▸ Action item
After locating the line with "DNA tersusun atas" below, output it and each following line exactly, stopping after the line with "Deleted Scenes |". No pictures.

▸ Exercise materials
BEGIN

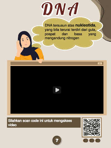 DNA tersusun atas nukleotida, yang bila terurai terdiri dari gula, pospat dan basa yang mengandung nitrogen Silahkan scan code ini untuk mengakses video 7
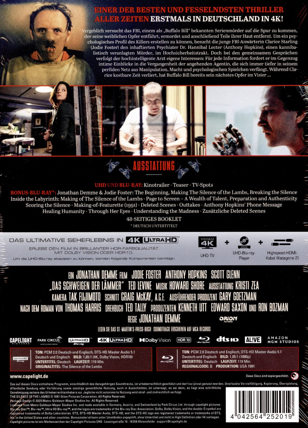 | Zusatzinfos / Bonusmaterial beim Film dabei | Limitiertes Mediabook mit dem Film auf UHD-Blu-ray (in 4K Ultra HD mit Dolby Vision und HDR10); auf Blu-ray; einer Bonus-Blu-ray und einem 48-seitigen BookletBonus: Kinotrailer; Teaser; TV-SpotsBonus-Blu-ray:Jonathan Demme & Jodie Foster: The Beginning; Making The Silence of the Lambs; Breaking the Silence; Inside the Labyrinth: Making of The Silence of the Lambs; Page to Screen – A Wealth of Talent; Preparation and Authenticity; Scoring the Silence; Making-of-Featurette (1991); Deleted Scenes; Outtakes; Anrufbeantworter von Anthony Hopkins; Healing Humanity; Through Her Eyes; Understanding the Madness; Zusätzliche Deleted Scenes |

END
BEGIN

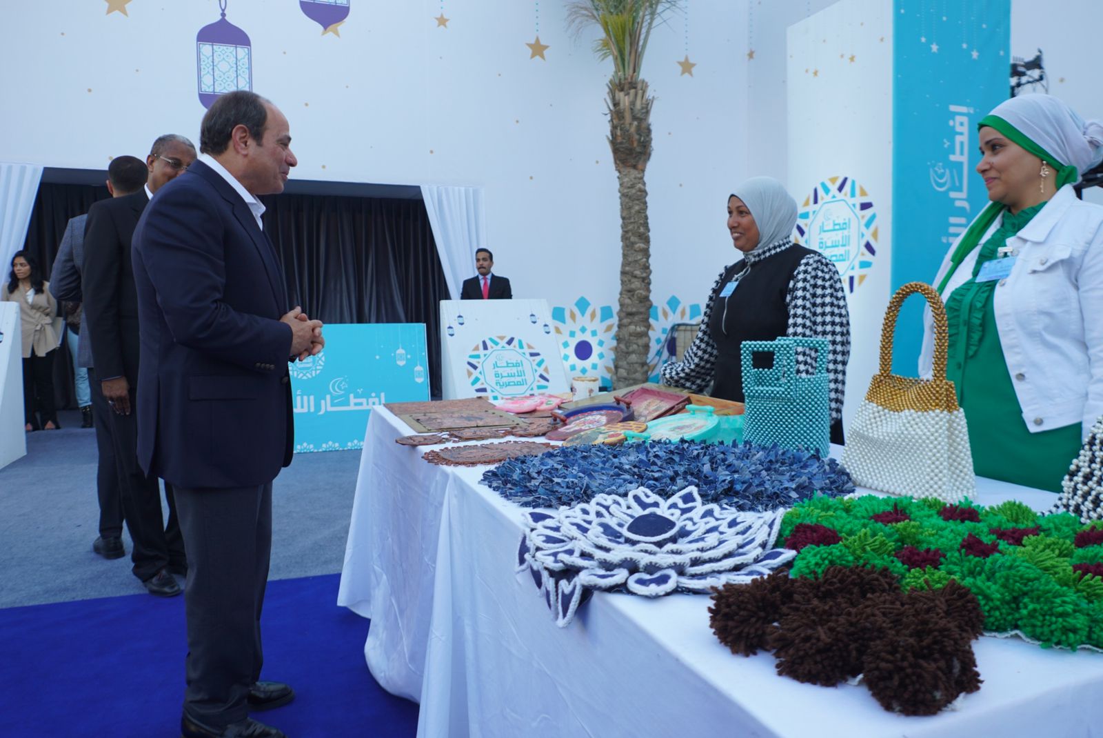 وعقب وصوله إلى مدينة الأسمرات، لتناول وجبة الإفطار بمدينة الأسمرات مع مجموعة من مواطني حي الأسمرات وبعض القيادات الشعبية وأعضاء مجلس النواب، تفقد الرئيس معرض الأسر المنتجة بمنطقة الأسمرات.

END

▸ Reply to the exercise
 DNA tersusun atas nukleotida, yang bila terurai terdiri dari gula, pospat dan basa yang mengandung nitrogen Silahkan scan code ini untuk mengakses video 7
 | Zusatzinfos / Bonusmaterial beim Film dabei | Limitiertes Mediabook mit dem Film auf UHD-Blu-ray (in 4K Ultra HD mit Dolby Vision und HDR10); auf Blu-ray; einer Bonus-Blu-ray und einem 48-seitigen BookletBonus: Kinotrailer; Teaser; TV-SpotsBonus-Blu-ray:Jonathan Demme & Jodie Foster: The Beginning; Making The Silence of the Lambs; Breaking the Silence; Inside the Labyrinth: Making of The Silence of the Lambs; Page to Screen – A Wealth of Talent; Preparation and Authenticity; Scoring the Silence; Making-of-Featurette (1991); Deleted Scenes; Outtakes; Anrufbeantworter von Anthony Hopkins; Healing Humanity; Through Her Eyes; Understanding the Madness; Zusätzliche Deleted Scenes |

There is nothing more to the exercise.